India refused to conduct the referendum even after a United Nations resolution had been passed to that effect. With its victory over Pakistan established in 1965, India sealed its sovereignty over the occupied part of Kashmir. The next war brought the decisive secession of east Pakistan, which emerged as the state of Bangladesh. Its alliance with India is still strong today, although Bangladesh is Muslim and India has been at war with Pakistan for decades.
In 1989, Kashmir was the scene of another revolution, and the establishment of a movement for the liberation of Kashmir. India mobilised 600,000 of its forces at a cost of $4 million a day to put down the Kashmiris. New Delhi is urging Islamabad to honour its commitments under the 1972 Simla Treaty, signed after the war which led to the secession of Bengal. Pakistan claims that the Kashmiri militants are home-grown freedom fighters, not Pakistani soldiers as India alleges, and that India's allegations of Pakistani incursions into its territory are unfounded.
Against this backdrop, we must endeavour to review the situation, given the gravity of the developments on the ground today. The greatest threat is certainly the fact that the conflict is escalating between two nuclear states. In previous conflicts, there was always the suspicion that India possessed rudimentary nuclear technology or possibly a few weapons. It was also believed that Pakistan had been obtaining foreign assistance to keep pace with India in the arms race. Today, the nuclear might of both states is an established fact. Each party is aware that the other can at any moment use its nuclear capacity to bring some battle here or there to a decisive end. I believe, therefore, that advisers on both sides will seek to avoid an end game. Neither side must be made to feel that it is cornered, and thus find itself compelled to save face whatever the cost. Wisdom and statesmanship, however, do not always coincide -- otherwise, we would not have had to witness Yugoslavia, Bosnia, Kosovo, Zaire, southern Sudan, Angola, Lebanon, Afghanistan, Guatemala, Colombia, Mexico or Algeria.
Another new element in the conflict is the fact that both India and Pakistan have immediately turned to China.
While it is only to be expected that the Pakistani leaders bank on their 30- or 40-year relationship with China, seek to reassert their alliance with Beijing and look for reassurance of China's unwavering support, India's move came as a surprise.
Indo-Chinese relations have never been good. But if India and Pakistan were to begin an armed conflict within Kashmir or on its borders, neither of the two parties could guarantee that hostilities would not spread into neighbouring Chinese territory.
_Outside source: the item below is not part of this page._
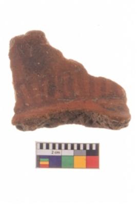 | Description / विवरण | Specimen of potsherd with traces of decorative geometric painting, Type Black on Red ware . |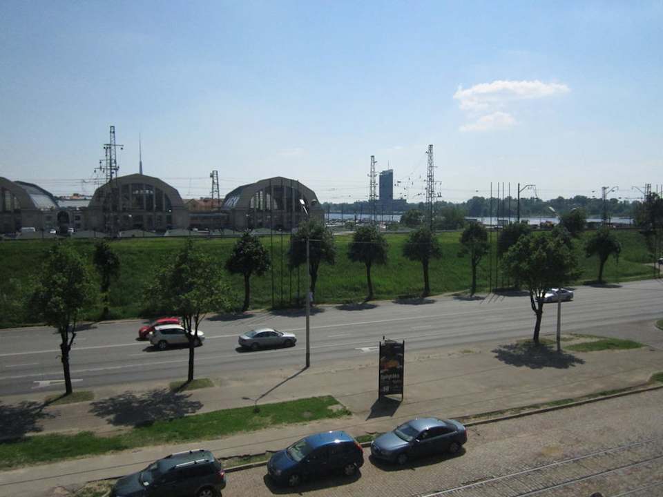Ausblick vom ZimmerDie Kamera habe ich seitlich aus dem Fenster gehalten. Denn ganz öffnen lassen sich die Fenster im Hotel leider nicht. Blick auf die Markhallen und den Fluss. Der Fernsehturm von Riga ragt hinter der zweiten Markthalle (mittig) heraus.

Explanations and justifications could be delayed, and China could in the meantime find itself forced to protect its territory. On the other hand, if the war ends, the international community will interfere rapidly and on a large scale. I believe this will happen soon, and new peace arrangements, whether final or temporary, will be signed. China cannot be excluded from any negotiations, for the simple reason that any concessions between India and Pakistan must necessarily affect territory disputed by India and China.
I hope that none of the parties will adopt a position that might lead to the widening of the scale of the conflict. We must be aware of the fact that we are not equipped to defend ourselves, let alone others, in a nuclear war of this kind.
* The writer is the director of Arab Centre for Development and Futuristic Research.